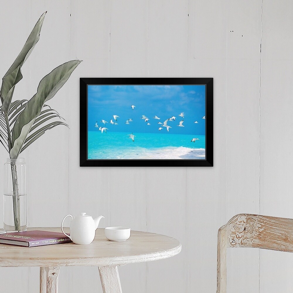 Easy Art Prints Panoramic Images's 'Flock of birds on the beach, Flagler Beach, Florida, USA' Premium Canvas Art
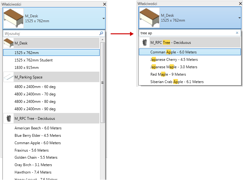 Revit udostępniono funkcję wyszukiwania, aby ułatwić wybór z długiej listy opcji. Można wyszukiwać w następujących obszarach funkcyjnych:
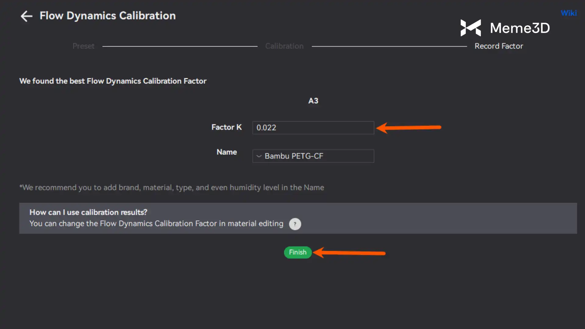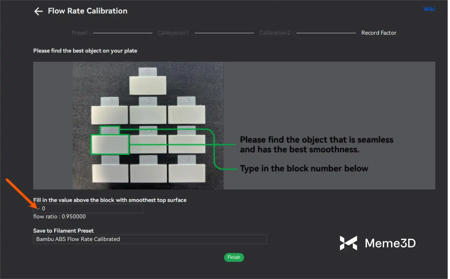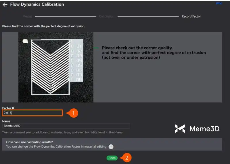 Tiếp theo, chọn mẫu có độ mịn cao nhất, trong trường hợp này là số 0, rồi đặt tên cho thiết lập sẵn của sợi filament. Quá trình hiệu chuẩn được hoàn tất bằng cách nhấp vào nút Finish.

* * *

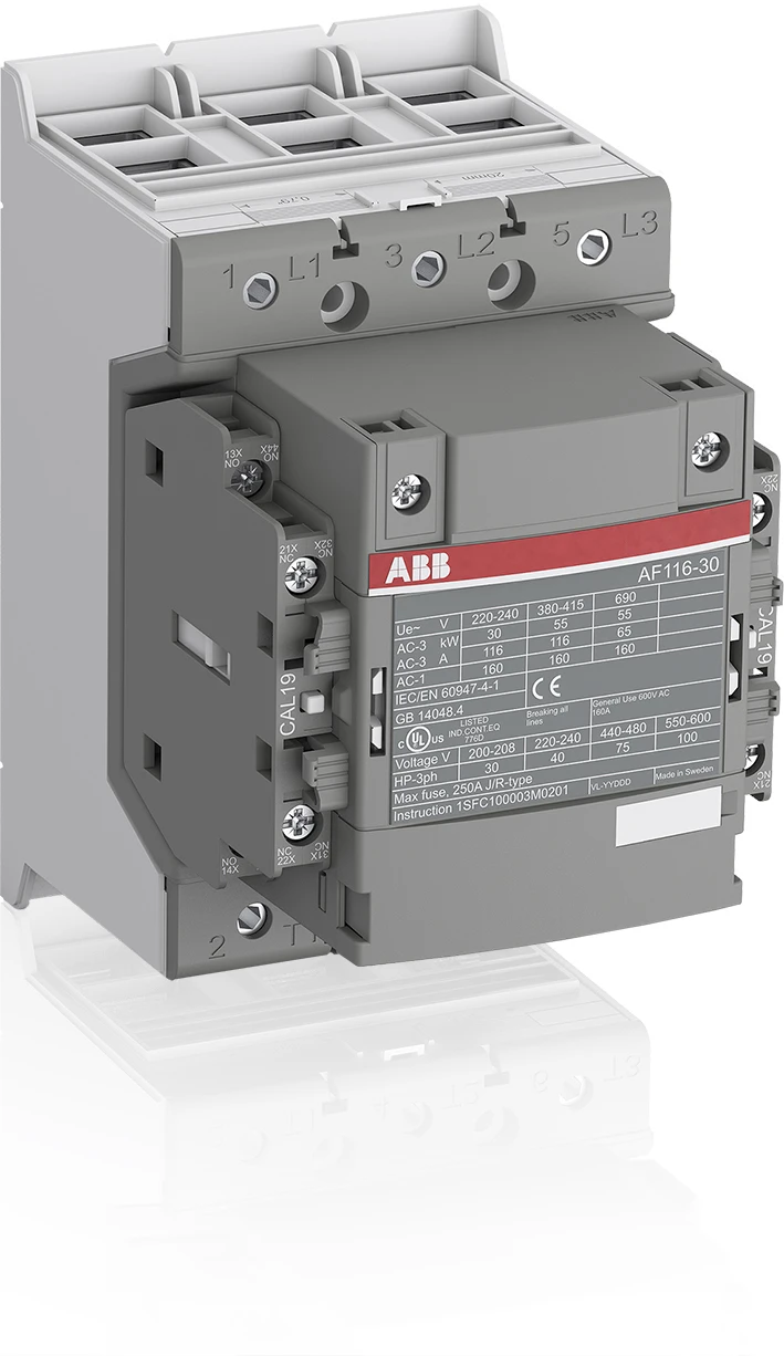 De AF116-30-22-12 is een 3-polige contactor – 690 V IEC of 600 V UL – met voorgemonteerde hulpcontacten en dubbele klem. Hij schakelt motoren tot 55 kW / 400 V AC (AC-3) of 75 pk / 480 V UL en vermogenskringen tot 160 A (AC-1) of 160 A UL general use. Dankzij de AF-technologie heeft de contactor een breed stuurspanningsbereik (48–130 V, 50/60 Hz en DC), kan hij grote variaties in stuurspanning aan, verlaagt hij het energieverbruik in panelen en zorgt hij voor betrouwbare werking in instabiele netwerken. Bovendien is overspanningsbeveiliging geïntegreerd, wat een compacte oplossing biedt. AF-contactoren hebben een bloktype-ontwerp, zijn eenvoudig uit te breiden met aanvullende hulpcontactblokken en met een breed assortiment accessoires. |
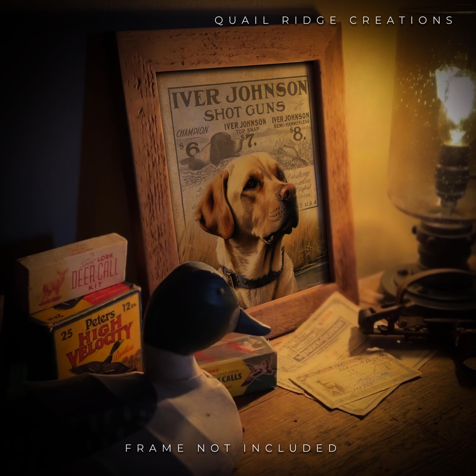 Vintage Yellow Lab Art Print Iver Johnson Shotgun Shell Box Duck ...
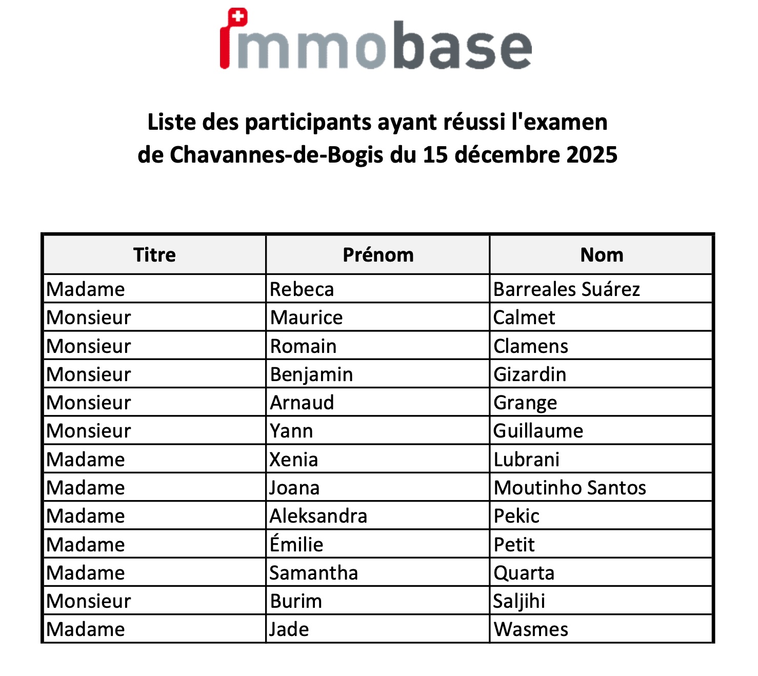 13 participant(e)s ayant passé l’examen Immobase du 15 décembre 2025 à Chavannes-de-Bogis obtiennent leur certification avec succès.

--

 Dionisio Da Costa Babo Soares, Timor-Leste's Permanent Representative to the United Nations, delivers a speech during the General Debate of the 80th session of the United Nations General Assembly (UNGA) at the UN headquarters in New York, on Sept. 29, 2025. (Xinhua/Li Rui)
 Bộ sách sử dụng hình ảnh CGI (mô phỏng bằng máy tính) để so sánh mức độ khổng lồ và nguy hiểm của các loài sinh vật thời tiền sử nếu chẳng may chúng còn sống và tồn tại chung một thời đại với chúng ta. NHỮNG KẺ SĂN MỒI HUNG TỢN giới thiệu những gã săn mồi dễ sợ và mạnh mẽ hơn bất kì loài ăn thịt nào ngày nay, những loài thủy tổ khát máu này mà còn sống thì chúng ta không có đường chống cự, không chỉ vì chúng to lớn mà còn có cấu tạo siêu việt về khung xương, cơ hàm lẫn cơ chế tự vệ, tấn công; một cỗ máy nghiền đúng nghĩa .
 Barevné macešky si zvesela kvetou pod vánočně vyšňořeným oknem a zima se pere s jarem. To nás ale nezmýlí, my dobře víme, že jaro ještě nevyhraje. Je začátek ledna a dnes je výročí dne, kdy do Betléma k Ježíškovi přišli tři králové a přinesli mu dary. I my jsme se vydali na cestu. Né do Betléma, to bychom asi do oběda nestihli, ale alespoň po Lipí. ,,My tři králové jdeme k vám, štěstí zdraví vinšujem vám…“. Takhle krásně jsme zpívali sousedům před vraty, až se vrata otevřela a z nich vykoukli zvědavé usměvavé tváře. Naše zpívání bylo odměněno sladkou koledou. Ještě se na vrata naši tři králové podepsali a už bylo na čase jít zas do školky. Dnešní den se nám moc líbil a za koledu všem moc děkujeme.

#### THE TASK
Copy word for word the lines above, starting at the line containing "Revit udostępniono funkcję" and ending at the line containing "Tiếp theo, chọn", inclusive, with no pictures.

#### FINAL ANSWER
 Revit udostępniono funkcję wyszukiwania, aby ułatwić wybór z długiej listy opcji. Można wyszukiwać w następujących obszarach funkcyjnych:
 Tiếp theo, chọn mẫu có độ mịn cao nhất, trong trường hợp này là số 0, rồi đặt tên cho thiết lập sẵn của sợi filament. Quá trình hiệu chuẩn được hoàn tất bằng cách nhấp vào nút Finish.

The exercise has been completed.